TASK:
Leaving pictures aside, restate exactly the lines of the data below, from the first one through the line that contains "2年生は2回目のスケート学習".

----- INFORMATION PROVIDED

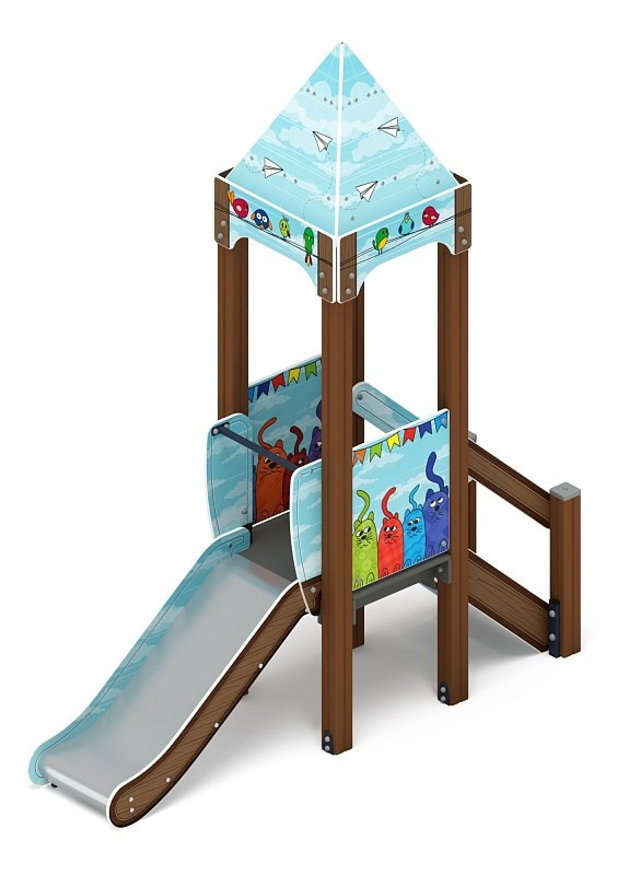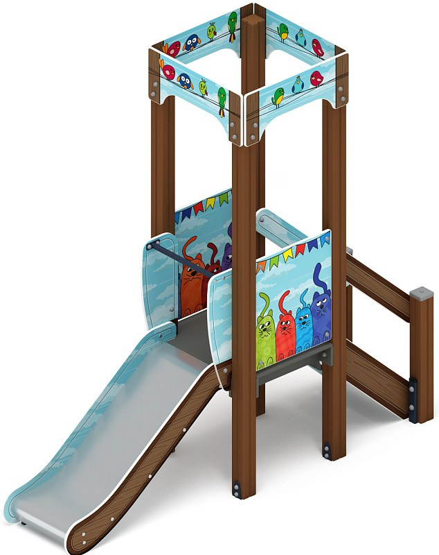 Горка - ИО 41.15.01-11 - Королевство (Коты) H=750 Габариты (ШхДхВ): 2670х820х2650 Зона безопасности, мм: 6170х3820 Скат горки: H=750 (металлический скат) Возрастные ограничения от 3 до 10 лет
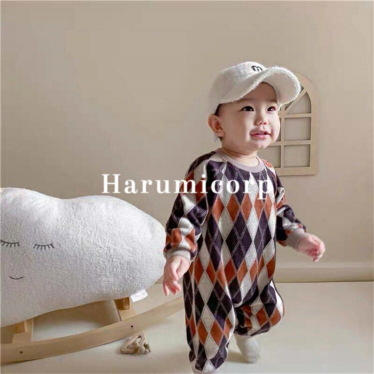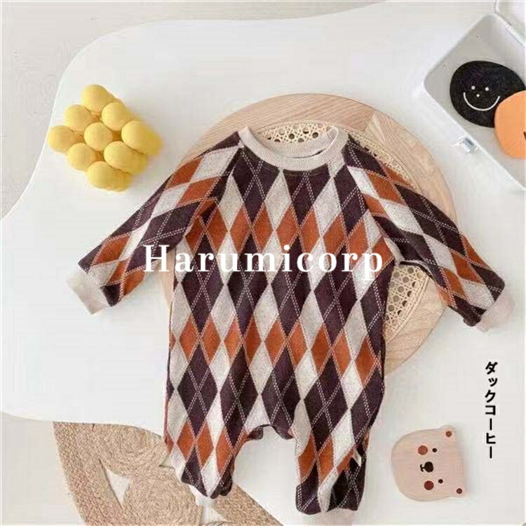 ロンパース 長袖 ベビー服 女の子 男 ベビー ベビー服 ファッション カバーオール ロンパース 人気 ダックコーヒー ライトコーヒー ブルー レッド 66cm 73cm 80cm 90cm
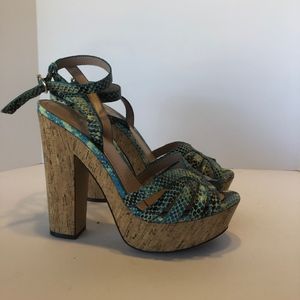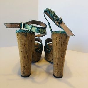 Snakeskin Print Platform Cork Heeled Sandals Sz9.5
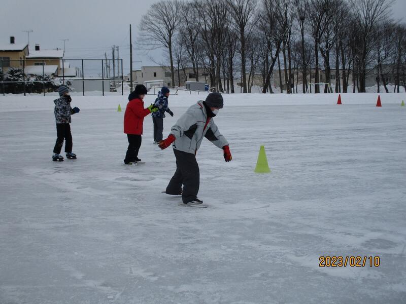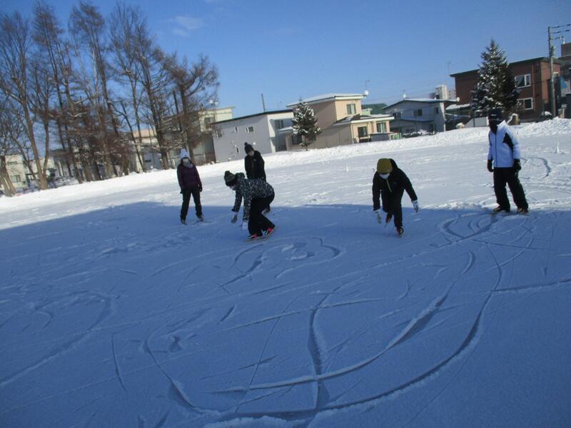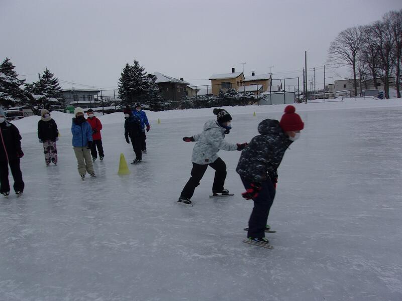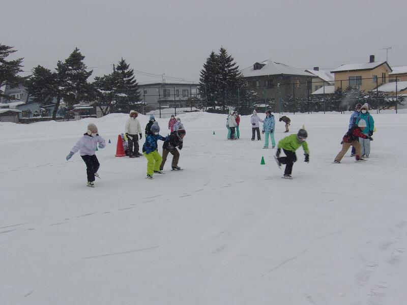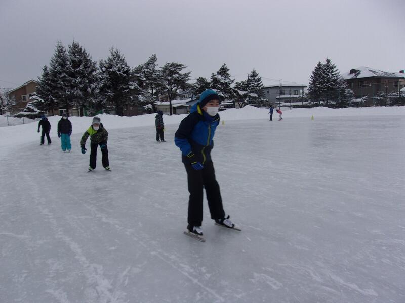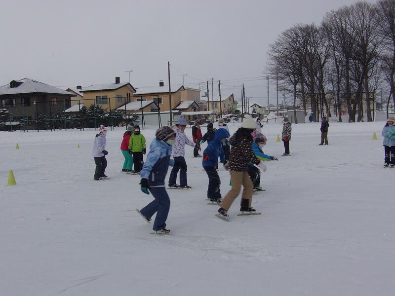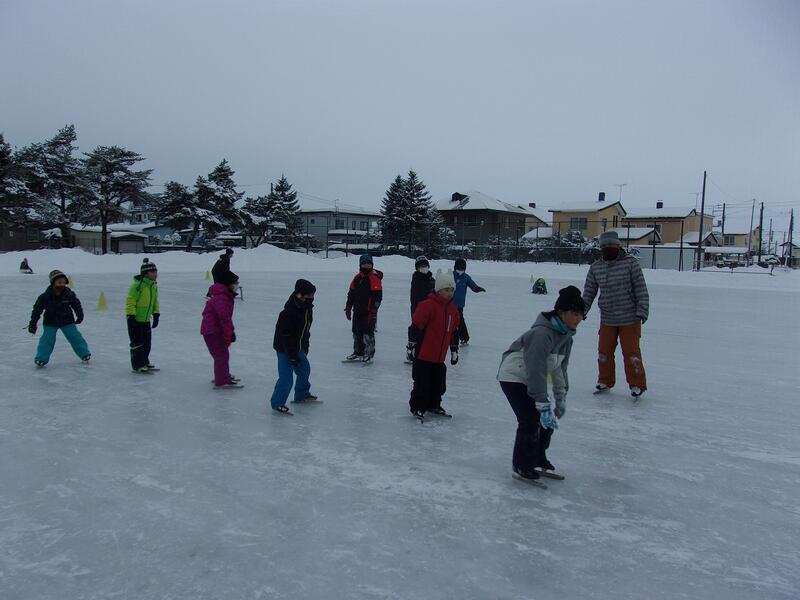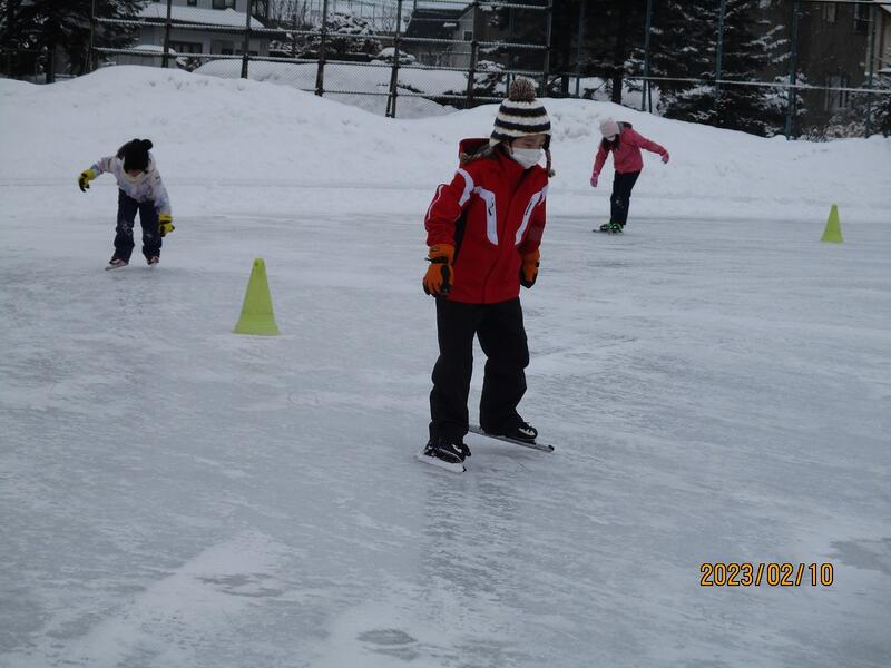 2年生は2回目のスケート学習。今朝は冷え込み、9時の時点で気温-10度。そんな中、寒さに負けず、2年生は元気に滑っていました。
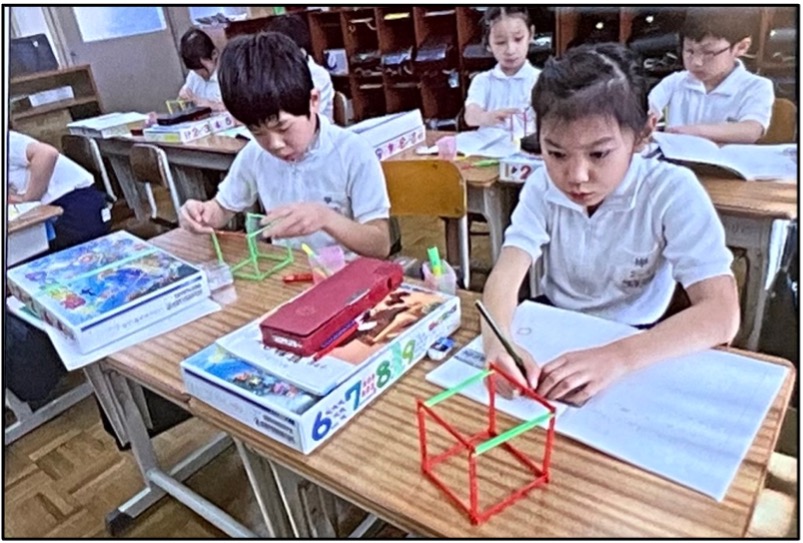 Four areas of mathematics are identified in the Japanese curriculum – Number & Calculation, Shape, Measurement/Change & Relationship and Data Utilisation. The government provide their approved text books for every child to keep, the content of which is trusted by the teachers and used to plan the daily 45 minute mathematics lessons. There is a notable absence of a deck of PPT slides provided, teachers craft their lessons based on the text book and reflect on their effectiveness in the classroom through the lesson study approach. The text book may not be used in the lesson but is available for children to use outside of the lesson. Also of note is each child is provided with their individual box of ‘resources’, manipulatives needed for the lessons.
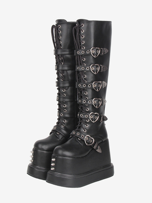 Stivali Gothic Lolita in pelle sintetica con punta tonda e tacco a zeppa neri & Vestiti Lolita > Scarpe Lolita > Stivali Lolita
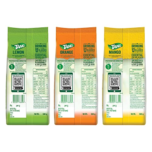 Tang comes in a refreshing mango lemon and orange flavour which keeps everyone refreshed throughout summer. It not just has great fruit taste but also comes with the goodness of vitamins A B C and Iron. A glass (approximately 180ml) of Tang gives your child 60% of Vitamin C required for the entire day. Experience the novelty of summer with the fresh refreshment of Tang instant drink mixes. Contains 1 pack of Tang orange instant drink mix 500g 1 pack of Tang lemon instant drink mix 500g and 1 pack of Tang mango instant drink mix 500g.
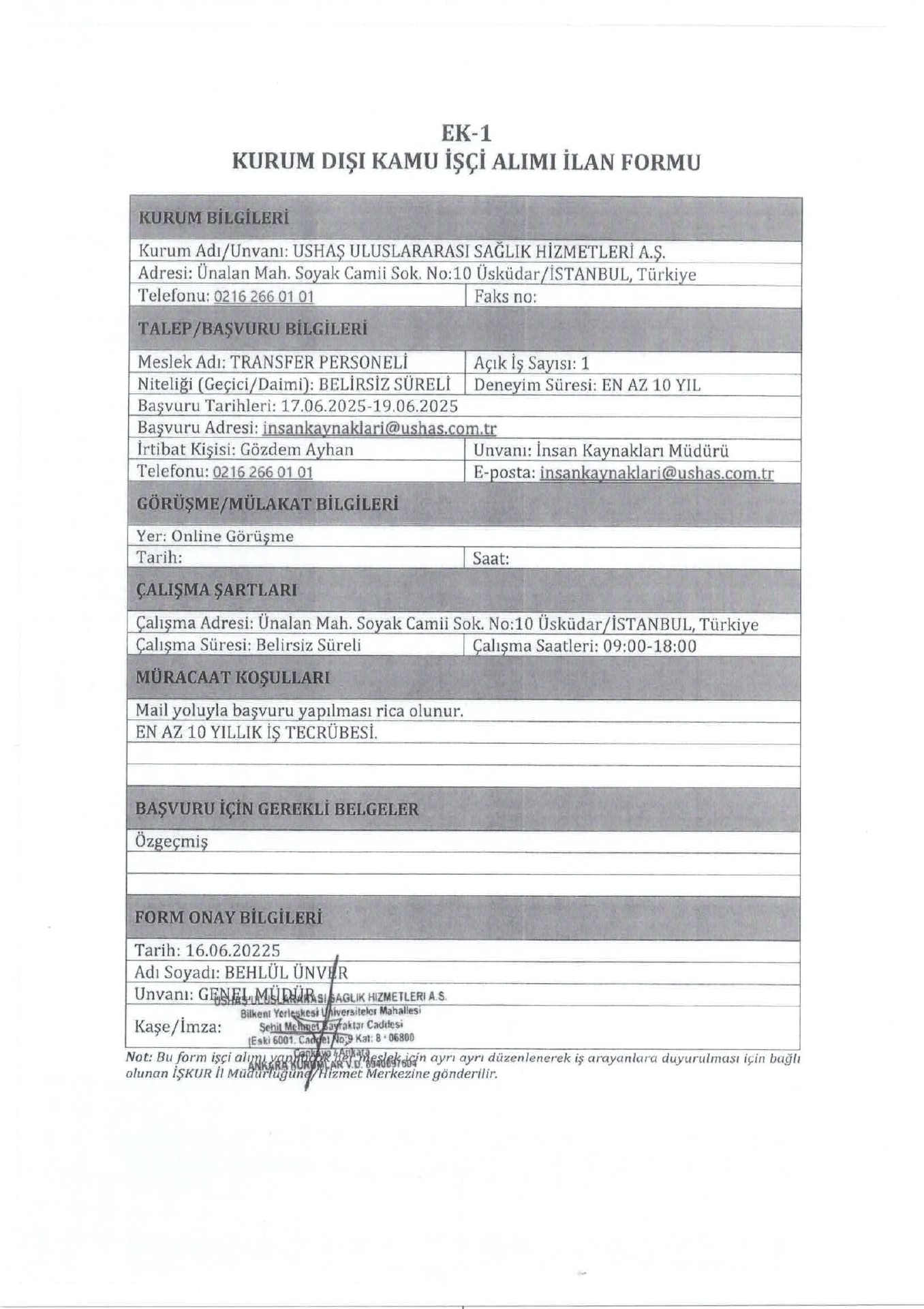 İstanbul Ushaş 1 İşçi Alacak. Son başvuru tarihi 19 haziran 2025
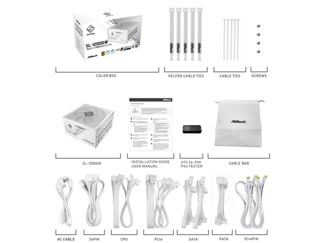 ASRock Steel Legend SL-1200GW 1200W 80 PLUS GOLD & Cybenetics PLATINUM Full Modular Power Supply, ATX3.1 & PCIe5.1 Ready with Dual Color 12V-2x6 Cable, 10 Years Warranty, White Edition

----------

SOLUTION:
 Горка - ИО 41.15.01-11 - Королевство (Коты) H=750 Габариты (ШхДхВ): 2670х820х2650 Зона безопасности, мм: 6170х3820 Скат горки: H=750 (металлический скат) Возрастные ограничения от 3 до 10 лет
 ロンパース 長袖 ベビー服 女の子 男 ベビー ベビー服 ファッション カバーオール ロンパース 人気 ダックコーヒー ライトコーヒー ブルー レッド 66cm 73cm 80cm 90cm
 Snakeskin Print Platform Cork Heeled Sandals Sz9.5
 2年生は2回目のスケート学習。今朝は冷え込み、9時の時点で気温-10度。そんな中、寒さに負けず、2年生は元気に滑っていました。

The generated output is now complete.